The Canadian community of Churchill, Manitoba, lives in geographic isolation. There is no paved road to get there. In the summer you can arrive by boat on Hudson Bay, but when it starts freezing over in the fall, an airplane ride or a long haul on a slow train are the only ways to get in or out.
Still, Churchill is actually the most accessible place in the world where you can see polar bears in the wild. Bears congregate there in October and November, waiting for sea ice to form on the bay so that they can head back out to sea to hunt.
The bears’ stark realm—snow-covered tundra against a steel-gray sea—may seem desolate and bleak, but when you feel the crisp air against your face and watch a couple of juvenile bears play-fight, or a mother bear nurse a year-old cub, you feel immensely privileged. Churchill suddenly seems a place of abundance.
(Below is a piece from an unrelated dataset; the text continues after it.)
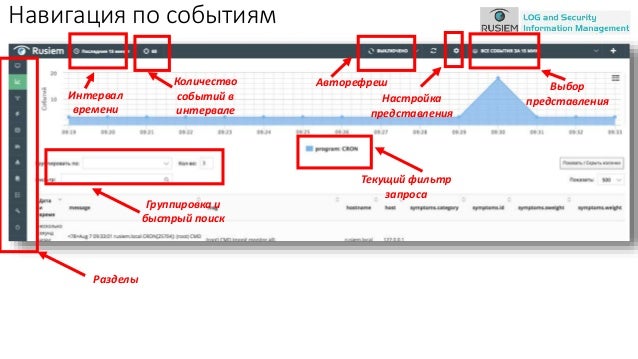 35. Разделы Группировка и быстрый поиск Интервал времени Количество событий в интервале Авторефреш Настройка представления Выбор представления Текущий фильтр запроса Навигация по событиям

There is freedom in your time on the tundra as you observe polar bears from the safety of a specially outfitted polar rover.
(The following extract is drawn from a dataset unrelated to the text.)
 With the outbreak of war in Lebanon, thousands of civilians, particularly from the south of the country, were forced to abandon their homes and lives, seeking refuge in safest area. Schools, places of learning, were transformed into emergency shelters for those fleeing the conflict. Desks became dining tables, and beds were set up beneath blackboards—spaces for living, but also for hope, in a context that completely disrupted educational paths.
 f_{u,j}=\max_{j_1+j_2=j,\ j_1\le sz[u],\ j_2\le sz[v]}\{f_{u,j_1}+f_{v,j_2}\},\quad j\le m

And despite eking out an existence in a place where temperatures can average 15 below zero, 35-year resident Vicki McEwan says she relishes how Churchill’s extremes have given her children a sense of the wonder the world holds.
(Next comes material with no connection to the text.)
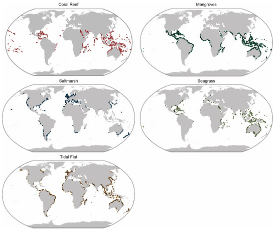 Mapping the distribution and change of the world’s coastal ecosystems is essential to monitoring their status, and to support policy and management interventions for their protection or sustainable utilization [1,2,3,4,5]. Yet, despite significant recent advances in cloud-based geospatial analysis platforms and improved access to Earth observation archives, global-scale monitoring of many coastal ecosystem types has remained unfeasible [4,5]. This is partly due to the considerable resources required to develop large, analysis-ready, reference datasets suitable for training and validating remote sensing classification models and algorithms for biophysical retrieval or classification [6,7]. Reference data are often developed through field work [7,8,9], image interpretation [7,10,11], or by sampling previously developed maps [12,13,14]. However, these approaches are highly labor-intensive and, in the case of sampling existing maps, can propagate uncertainties among otherwise independent mapping programs [11].

But those who call Churchill home also spend their time living on alert. Polar bears often wander through town, and human-polar bear conflicts do occur. “It’s challenging,” says Kelly Turcotte, a year-round resident who runs a dogsledding operation. “We are in their land, their area, so we have to coexist.”
Like polar bears adjusting to the effects of climate change, the residents of Churchill have to be willing to adapt. As I learned from spending a week there, they are more than willing to do so for the freedom they gain in return.